PROBLEM REQUIREMENTS:
From the line containing "今日はプール開きがありました" down to the line containing "Baby knitwear is", copy out the entries below exactly, both lines included, and nothing else; pictures do not belong in the copy.

RECORDED DATA:

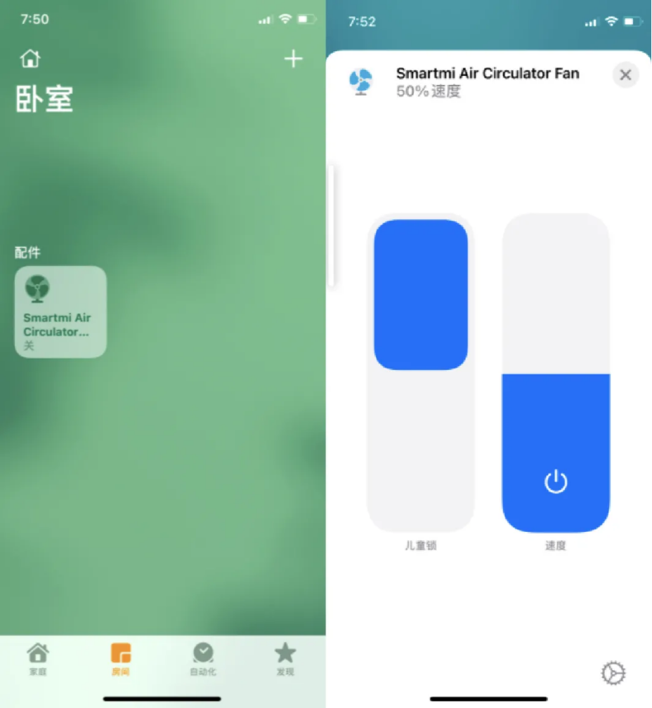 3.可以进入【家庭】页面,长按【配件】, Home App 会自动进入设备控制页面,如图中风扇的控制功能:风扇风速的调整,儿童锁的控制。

==

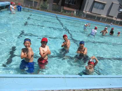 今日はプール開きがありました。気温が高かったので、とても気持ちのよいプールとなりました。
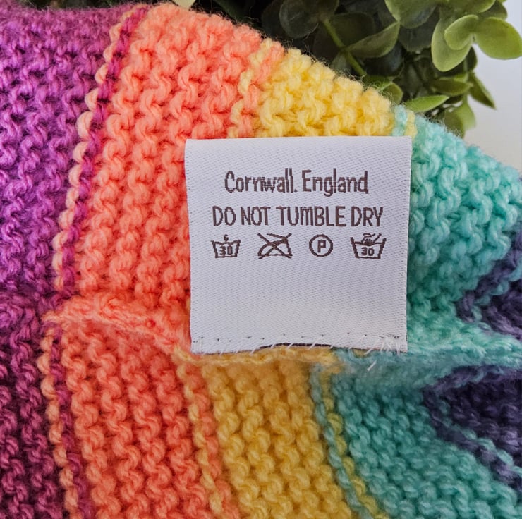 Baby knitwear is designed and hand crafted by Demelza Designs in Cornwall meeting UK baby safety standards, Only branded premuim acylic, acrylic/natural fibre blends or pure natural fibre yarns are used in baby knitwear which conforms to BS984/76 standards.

REPLY TO THE EXERCISE:
 今日はプール開きがありました。気温が高かったので、とても気持ちのよいプールとなりました。
 Baby knitwear is designed and hand crafted by Demelza Designs in Cornwall meeting UK baby safety standards, Only branded premuim acylic, acrylic/natural fibre blends or pure natural fibre yarns are used in baby knitwear which conforms to BS984/76 standards.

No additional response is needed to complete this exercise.